First off, if poor children had a spare dime or nickel lying around, they wouldn’t be partaking in free-lunch programs. I can’t believe that it is possible that in 2013 we still have to explain the basic concept of poverty to adults—particularly adults responsible for drafting policy that affects those living in poverty.
Second, unlike a lot of progressives, and particularly minorities who identify as progressive, I have never considered “personal responsibility” dirty words. Unlike Rep. Charles Rangel I have no problem with the hotly debated legal requirement that adults living in New York public housing who are not working full time, students or disabled be required to engage in voluntary community service. Adults should be held accountable (or personally responsible) for choices they make, good or bad. That could be someone like me signing up for student-loan debt to finance my education, other students signing up for work-study programs to finance theirs or adults giving back to their community and taxpayers who are helping to finance the living situation they wouldn’t be able to afford otherwise.

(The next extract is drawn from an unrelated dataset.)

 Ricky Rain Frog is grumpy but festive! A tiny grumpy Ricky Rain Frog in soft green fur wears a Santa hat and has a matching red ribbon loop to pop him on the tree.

But the words “personal responsibility” should almost always be limited to adults, and to those teens nearing adulthood who have the capacity to make informed decisions, good and bad, and to be held accountable for them accordingly.
And even with teens, while a 16-year-old can make an informed choice to kill someone—and I believe should be held accountable—he has no choice regarding whether he is born into a family that is incapable of feeding him, or a family in which his father will become a member of Congress who says incredibly ill-informed, offensive things about the poor.

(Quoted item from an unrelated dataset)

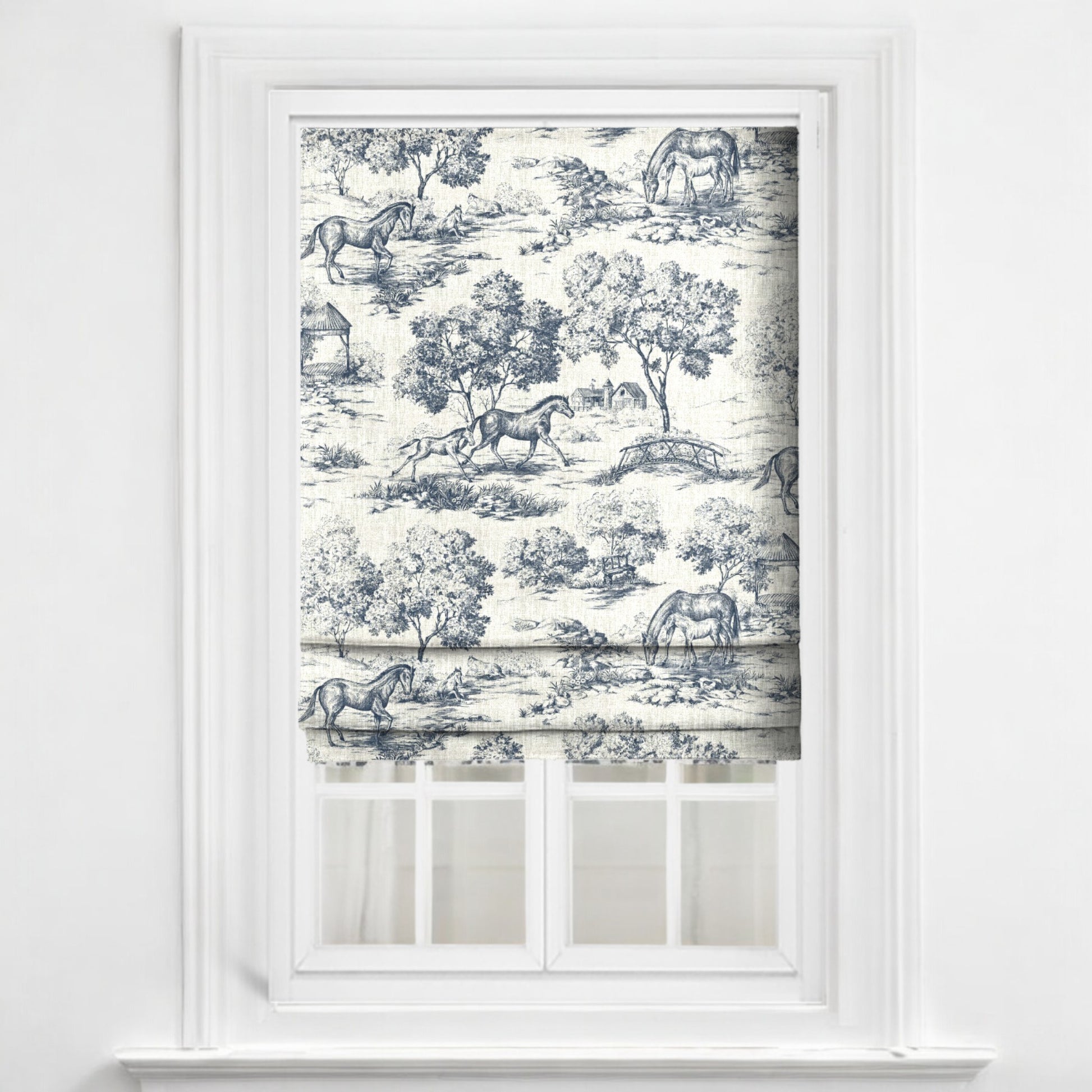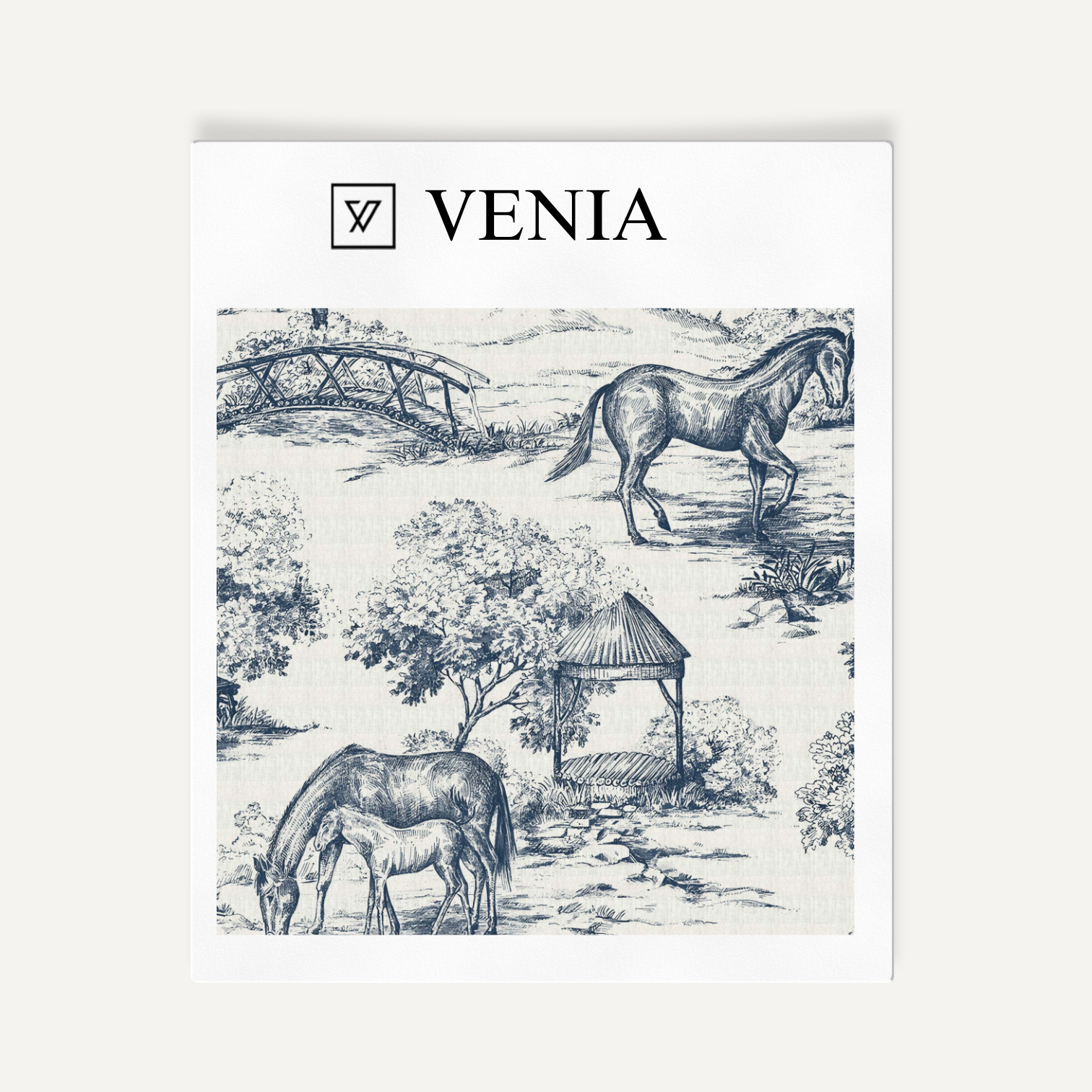 This vintage-inspired toile fabric showcases graceful horses roaming idyllic pastoral landscapes, framed by lush trees, rustic gazebos, and quaint cottages. A nod to European equestrian heritage, its intricate detailing and classic color palette make it a perfect choice for curtains, upholstery, and statement pieces.

What’s even more disturbing about Kingston’s comment is that he is not the first high-profile Republican to make such a remark. During the 2012 Republican primary, then-candidate Newt Gingrich called child labor laws “stupid” and argued that schools should use children as janitors. Of course it is unlikely that the kids he envisioned were kids like his own, or of his fellow presidential candidates or of Rep. Kingston. So while children of privilege would be taking SAT-prep classes, learning foreign languages and benefiting from all of the other extras in which their parents indulge them to provide them with a lifetime head-start over poor children, these poor kids would get to fall further behind by cleaning up after their more privileged peers.
Here’s another idea for Kingston and Gingrich. How about doing something substantive to help these children break the cycle of poverty so they don’t have to listen to you threatening to use their kids for slave labor a generation from now? How about supporting providing these kids with comprehensive sexual education, low-cost contraception and loan-free financial college aid so these kids can have a real chance to compete with yours someday?
But then again, maybe seeing poor kids have a real shot at competing with their kids is what Kingston, Gingrich and others like them are really worried about. After all, if America became an equal playing field, the halls of power would probably look a lot different than they do now.